Long live dandelions with olive oil and garlic!

Wednesday, January 31, 2007 03:58 AM
Original article: God and gorillas

The complicated art of not knowing

King says "Yes, in my book I say that's a question I will not take up. I think my stance is rather beautiful because it's about "agnosis"; that means not knowing."

I am consumed with the notion of whether there is a God or whether there is not. I tend to the atheistic position, but really, agnosis may be the only rational way to view the matter with the beauty of wonderment and inquiry intact.

I read Dawkins and found some of his absolutes as dogmatic as those of Fundamentalist Christians (who scare me). "Not knowing" is the only answer with intellectual integrity. One may choose to examine or to make decisions based on faith, one way or the other. I just can't do that.

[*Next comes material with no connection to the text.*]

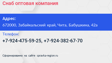 Снаб, оптовая компания по адресу 672000, Забайкальский край, Чита, Бабушкина, 42а в дальнейшем Организация, размещена в следующих категориях: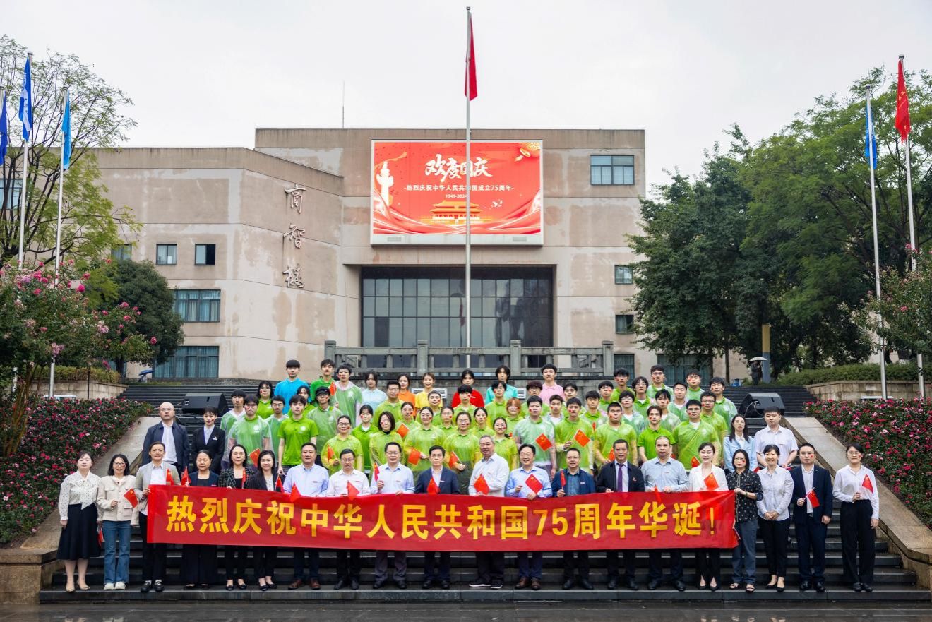 曾维伦在讲话中深情回顾了中国共产党团结带领全国各族人民,前赴后继、百年奋斗的光辉历程。他表示,新中国成立75年来,在党中央的坚强领导下,近代以来久经磨难的中华民族实现了从站起来、富起来到强起来的伟大飞跃,演绎了一段民族史册上的伟大传奇,踏上了以中国式现代化全面推进强国建设、民族复兴的新征程。伴随着伟大祖国铿锵有力的前进步伐,学校也站在新的起点上,全面建设特色优势突出、国际知名的现代化高水平大学,为奋力谱写教育强国建设贡献重工商大力量。

A theory that makes sense to me is one that says religion and deity is something our human minds have conjured, not from superstition or fear, but that religion is a product of the human ego designed to give us hope. We are so infatuated with our being that we cannot fathom the idea that we exist here only for a short time, regardless of the good we might do. We give ourselves a need to do right or even to simply go on because there is something out there for us that transcends our human frailty. I am nearly convinced this is true.

King is the most rational clear voice I have heard in a long time. I am thrilled she has something to say, and I will be reading it by the end of the day.